Rastons: A Medieval Pastry Disguised as Bread (Harleian MS 279)
Originally published November 4, 2015. Updated June 7, 2026.
Rastons, baked and sliced into sops. Image © Give It Forth.
Rastons are one of those medieval recipes that look simple until you begin asking what they actually are. At first glance, this dish from Harleian MS. 279 appears to be bread: flour, ale barm, eggs, and a loaf baked in the oven. But then the recipe takes a turn. The top is cut away like a crown, the crumb is scooped out, chopped, mixed with clarified butter, returned to the shell, covered again, and baked a second time.
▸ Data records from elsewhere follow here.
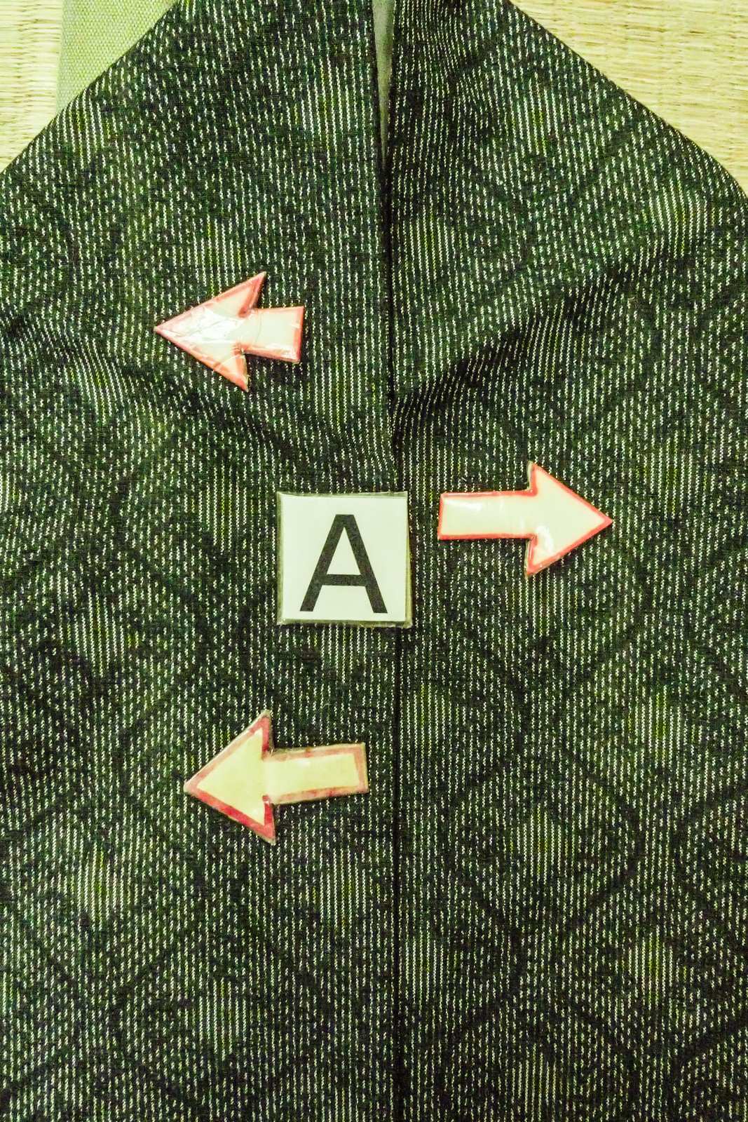 O0718A 女性用紬 シルク(正絹) 深い緑色, 立涌 【中古】【USED】【リサイクル】 ★★★☆☆【O0718A】 [O0718A]
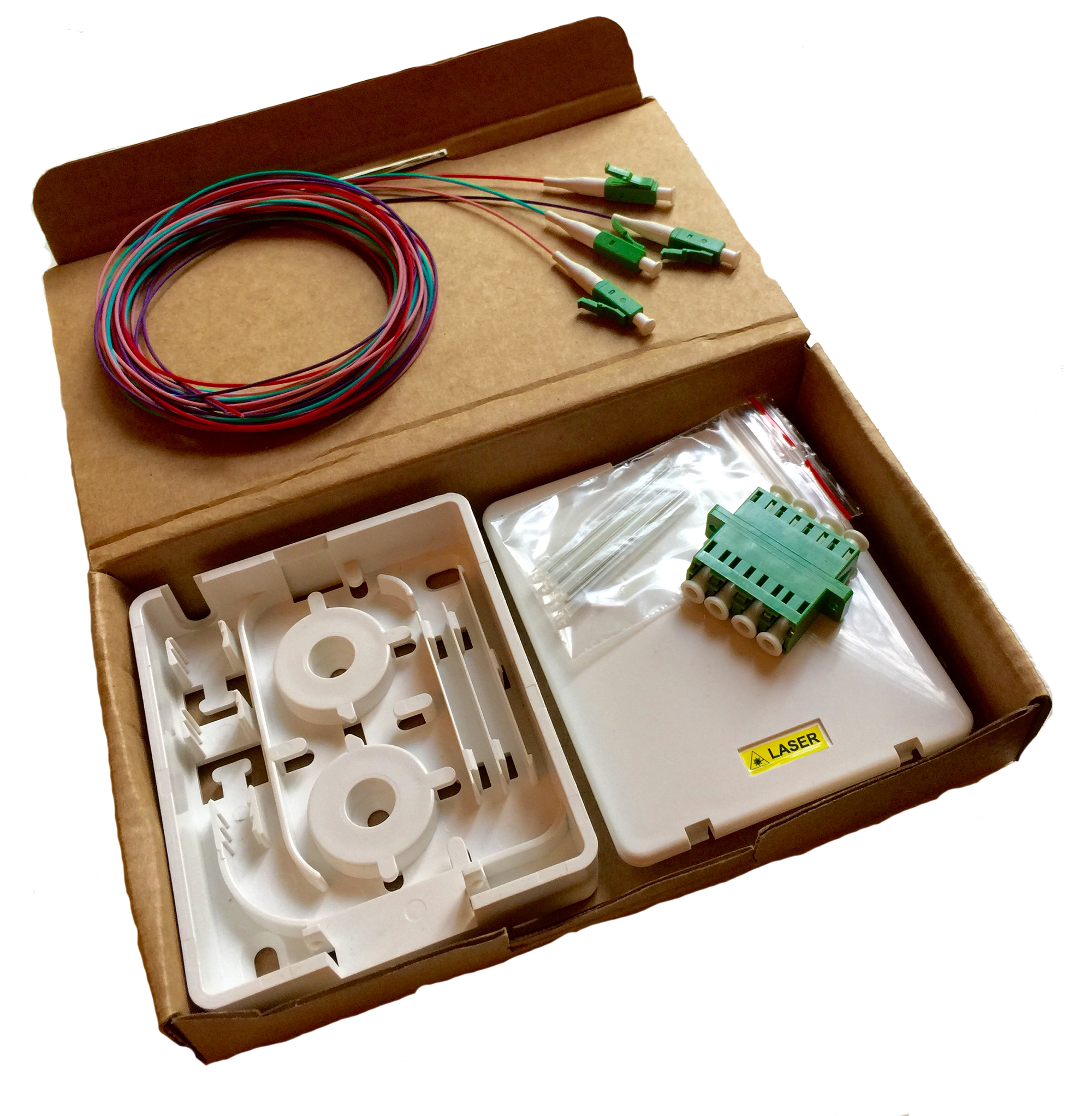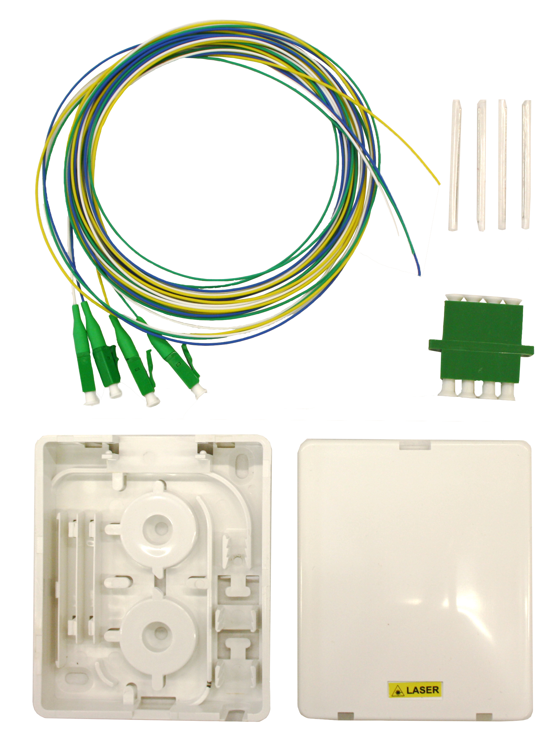 KO4PLCK on täydellinen kotijakamoon tarkoitettu optinen päätekotelokitti. Se helpottaa, yksinkertaistaa ja nopeuttaa tarvikkeiden hankintaa. Kitti sisältää kaikki kotijakamoon tarvittavat kuitujen päättämistarvikkeet.
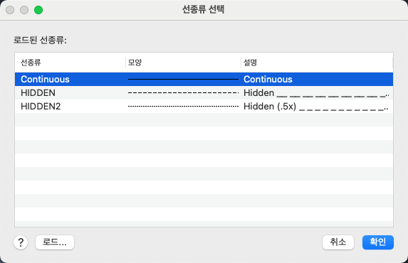 선택된 선종류를 도면에 로드하고 선종류 리스트에 추가할 수 있는 선종류 로드 또는 다시 로드 대화상자를 표시합니다.
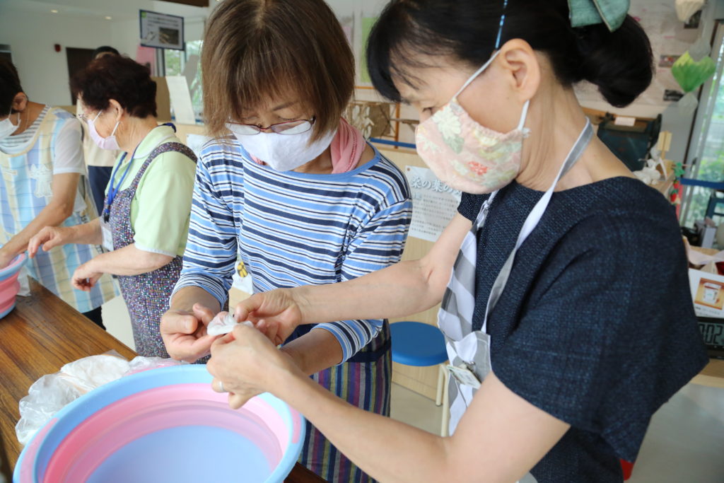 参加者らは「3センチほどの繭をぬるま湯の中で25センチくらいまで満遍なく広げるのは大変。袋真綿が均等であると糸紡ぎの効率がとてもよくなるが、均等にするのが難しい」と話しました。
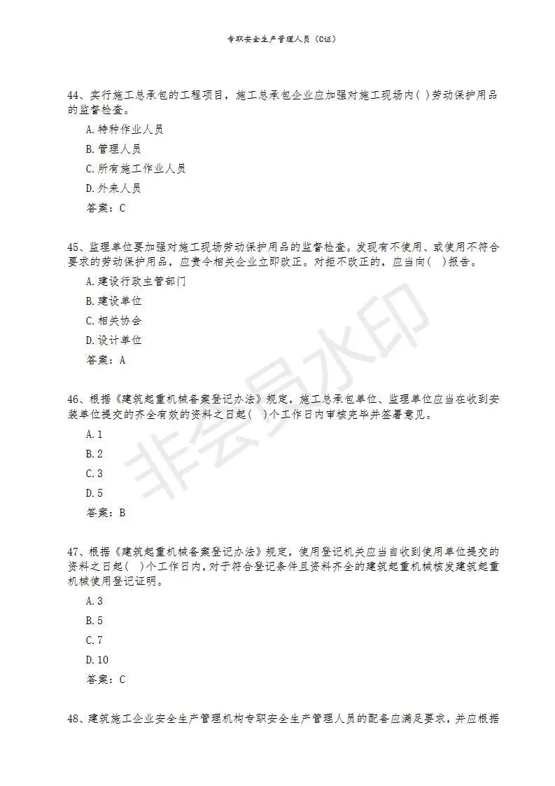 三)专职安全生产管理人员(C类)
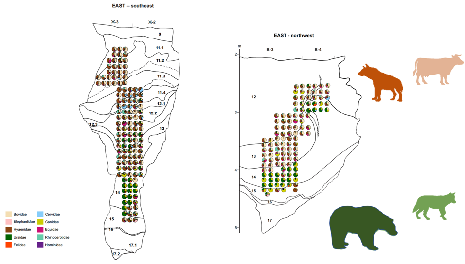 Figure 4: Pie charts of the proportion of DNA fragments assigned to different large mammals for each sample from the southeast and northwest profiles in Denisova Cave’s East Chamber. This shows a turnover from predominantly bear and canid DNA (greens) in the lower layers to hyaenas and bovids (browns) in the upper layers. (Illustration credit: Zenobia Jacobs and Elena Zavala)
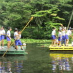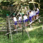 森の動物クイズではグループの仲間と協力して①~⑫のポイントを見付けました。また、池遊びでは、ターザンロープ、池ジャングル、いかだ、ザリガニ釣りをしました。
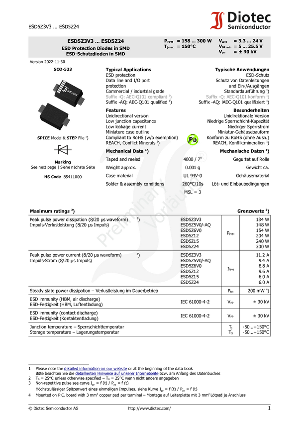 ESD5Z3V3 Diotec ESD Dioda ESD ESD5Z3V3 SOD-523 8.40 V
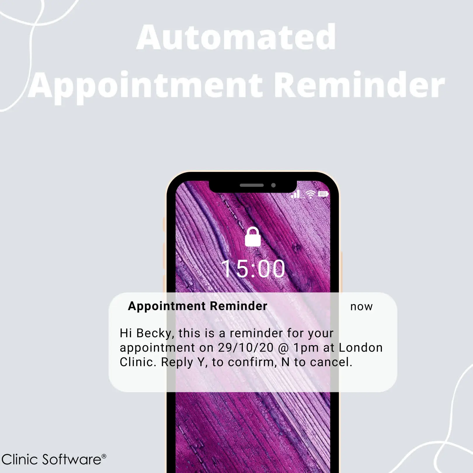 At ClinicSoftware.com all the reminders, messages and marketing campaigns are fully branded with your company name, your own wording and 2 way so your customers can reply to confirm at any time.
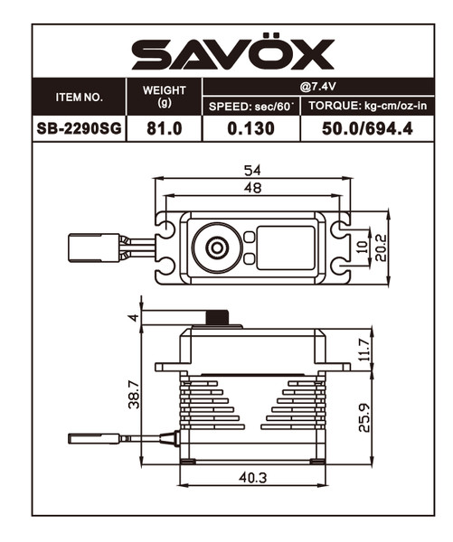 The powerful "Monster" performance series from Savox utilize an all aluminum case, unique brushless motor and controller technology to boost power up to 35% over previous generation servos.
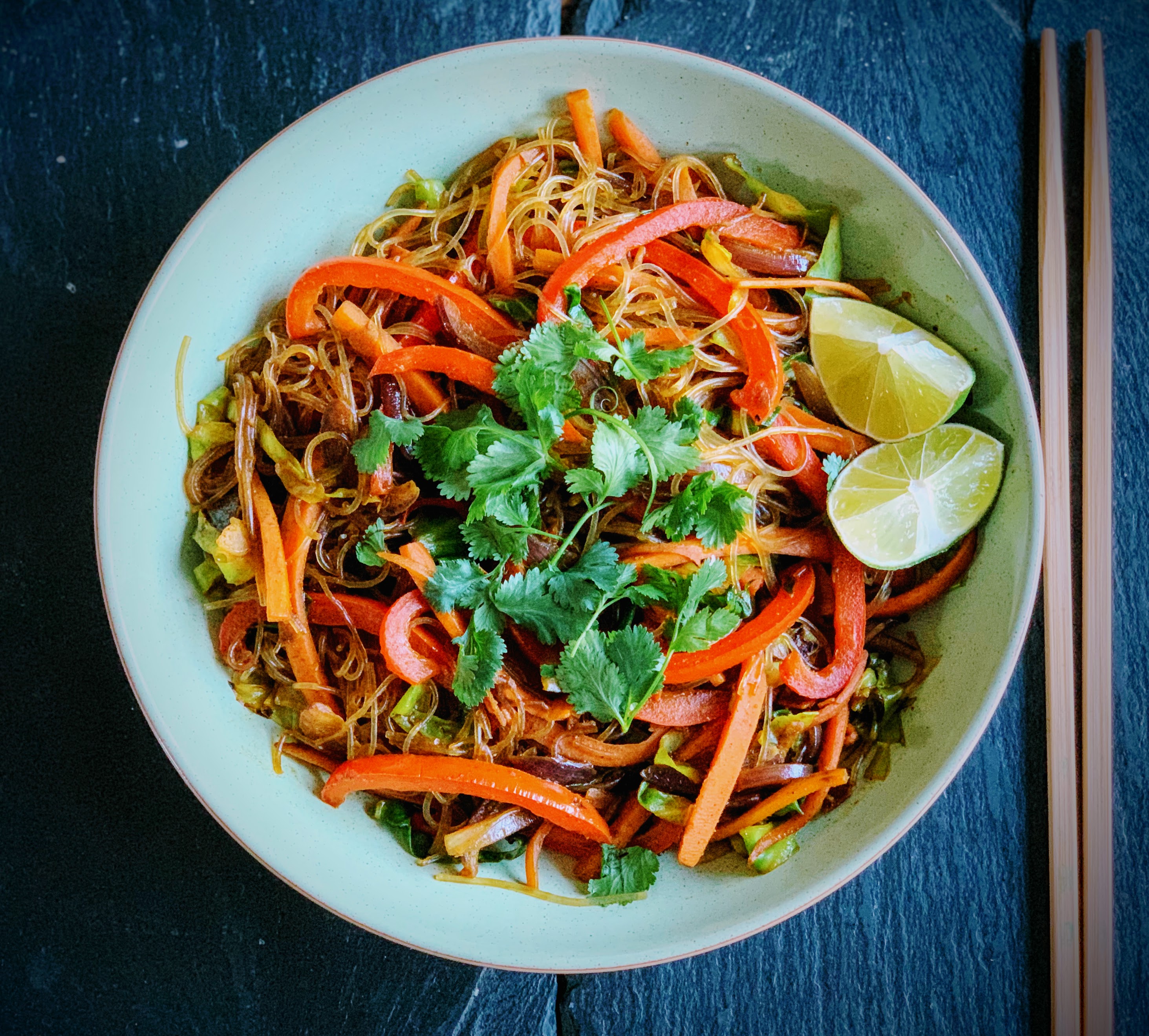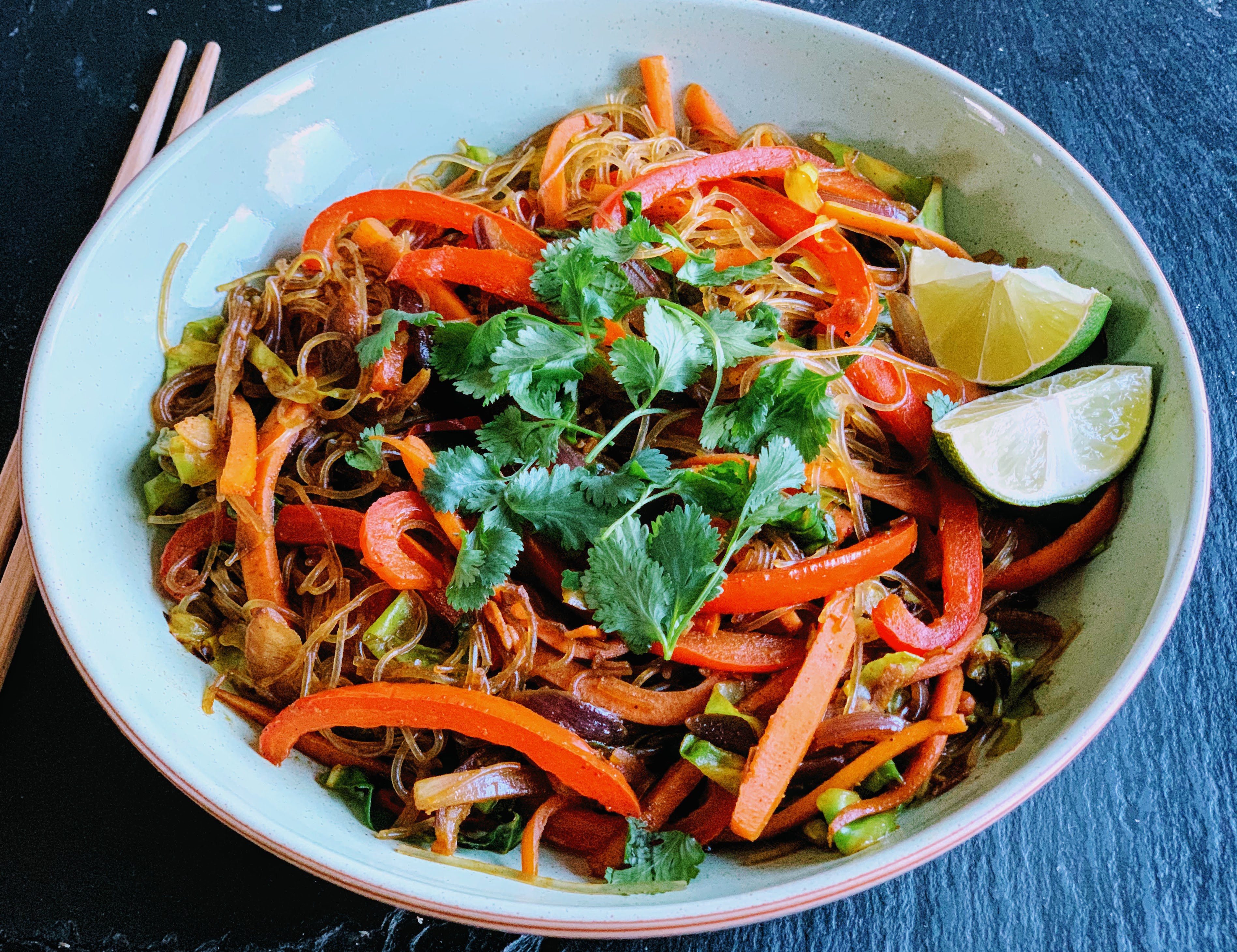4. Return the wok to the hob and turn the heat up to medium-high. Add 2 tbsp oil and the sliced onions and stir fry for 1 minute before adding the garlic, ginger and chilli (if using). Stir fry for 30 seconds then add the carrots, peppers, and any additional vegetables. Cook for 2 mins, stirring frequently, before adding the beansprouts. Stir fry for 3–4 minutes until the beansprouts have softened, then add 2 tsp curry powder and 3 tbsp tamari. Stir until all the vegetables are coated, then tip in the drained noodles and stir fry for another minute, ensuring the noodles are coated and hot through. Serve immediately with a sprinkle of coriander and a lime wedge.

So is it bread? Is it pastry? Is it a rich feast loaf masquerading as something ordinary? The answer is probably somewhere in the middle. Rastons are bread-shaped, bread-risen, and bread-used, especially when cut into sops. Yet the eggs, sugar, buttered crumb, and second bake push the dish into the world of enriched pastry and luxury baking.
When I first made this recipe, I used the loaf for sops and pottages. In hindsight, a simpler white loaf such as manchet may have been the more practical historical choice for everyday broth-soaking. Rastons are richer than ordinary table bread and more elaborate than they need to be for plain sops. But if I am being honest, this was a quicker recipe, and I cheated a little. It worked beautifully, and the result was so good that I preferred it to my usual manchet or French-style loaves.